Even so, with the theft of pharmaceuticals on the rise in countries such as Italy and Romania – and the passing of these into the supply chains of other nations where the resale price is much higher – the issue of falsified medicines begs a decisive response from governments across Europe. The FMD is that response. The only significant question that remains is a vexing one for most stakeholders in the pharma sector: who is going to pay for it?
“Obviously there will be costs, [such as] investments in new IT systems, but the companies have anticipated that and are prepared for it,” says Sawer, referring to the outlays associated with placing the new 2D matrix codes onto packs. It’s a little more difficult for wholesalers, and especially pharmacists, who will have to install new systems to verify the packs.
“Wholesalers are reasonably clear and supportive,” explains Sawer. Pharmacists, however, will have to decommission every prescription medicine that passes through their hands. “There are huge implications for workflow and investment in systems within the pharmacies, and they…are concerned about the impact on their processes.”

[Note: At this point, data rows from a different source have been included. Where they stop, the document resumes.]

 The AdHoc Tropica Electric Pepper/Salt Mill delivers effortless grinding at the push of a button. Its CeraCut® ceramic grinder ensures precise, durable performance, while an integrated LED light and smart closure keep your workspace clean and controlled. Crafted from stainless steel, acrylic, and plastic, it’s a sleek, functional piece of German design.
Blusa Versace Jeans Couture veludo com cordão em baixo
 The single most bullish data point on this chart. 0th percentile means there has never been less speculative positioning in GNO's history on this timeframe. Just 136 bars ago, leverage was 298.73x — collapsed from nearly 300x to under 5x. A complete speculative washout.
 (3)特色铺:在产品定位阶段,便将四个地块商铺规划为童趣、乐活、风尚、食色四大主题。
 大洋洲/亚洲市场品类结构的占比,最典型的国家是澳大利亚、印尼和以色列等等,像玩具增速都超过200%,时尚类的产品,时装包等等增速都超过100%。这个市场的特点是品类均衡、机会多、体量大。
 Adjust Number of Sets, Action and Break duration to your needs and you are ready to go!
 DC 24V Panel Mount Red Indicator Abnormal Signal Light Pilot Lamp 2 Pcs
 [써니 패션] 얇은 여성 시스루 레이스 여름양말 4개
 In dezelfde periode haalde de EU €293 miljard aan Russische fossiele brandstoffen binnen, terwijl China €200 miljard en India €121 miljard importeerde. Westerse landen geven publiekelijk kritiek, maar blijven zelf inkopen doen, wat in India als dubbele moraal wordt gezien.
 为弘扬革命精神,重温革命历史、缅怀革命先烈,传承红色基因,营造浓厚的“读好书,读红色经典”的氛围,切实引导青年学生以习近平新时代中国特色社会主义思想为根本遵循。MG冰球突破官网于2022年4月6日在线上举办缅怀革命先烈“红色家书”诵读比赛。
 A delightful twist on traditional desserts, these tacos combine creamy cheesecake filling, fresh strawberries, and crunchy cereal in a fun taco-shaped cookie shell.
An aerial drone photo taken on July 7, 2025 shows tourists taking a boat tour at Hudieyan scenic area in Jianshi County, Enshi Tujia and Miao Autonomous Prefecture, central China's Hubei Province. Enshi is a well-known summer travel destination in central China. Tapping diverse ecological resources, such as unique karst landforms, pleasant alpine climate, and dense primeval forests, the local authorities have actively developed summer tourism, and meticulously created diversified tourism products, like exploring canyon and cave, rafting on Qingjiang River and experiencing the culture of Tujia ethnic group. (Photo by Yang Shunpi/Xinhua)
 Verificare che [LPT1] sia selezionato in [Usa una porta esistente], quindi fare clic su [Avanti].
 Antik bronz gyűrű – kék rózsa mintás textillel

Discussions are also still ongoing between stakeholders, regulators and the European Commission about flexibility in the dispensation of these verified medicines, and other practicalities of implementing the FMD. Sawer and Bertin, however, agree that there is one aspect of the transition to the new rules that observers needn’t worry about.
“The FMD doesn’t need to be affected by [Brexit],” affirms Sawer. “We – the stakeholders in the UK – will be continuing discussions with the government to make sure that it is supported by government, because clearly – as we’ve seen from the public domain – we’re not quite sure what shape Brexit is going to take.”
The relevant ministries have, however, been making very positive sounds. Sawer and his colleagues at the HDA were encouraged by a letter put out by the secretaries for health and business in the Financial Times supporting the alignment of medicine regulations beyond Brexit. The likelihood of avoiding the implementation of the FMD in the UK at the last minute is further lessened by the fact that the British government passed the regulation into law in 2013.
“We would hope that the government would maintain that line, and we will keep up the pressure to make sure [it] does,” says Sawer. “There’s no reason for them not to.”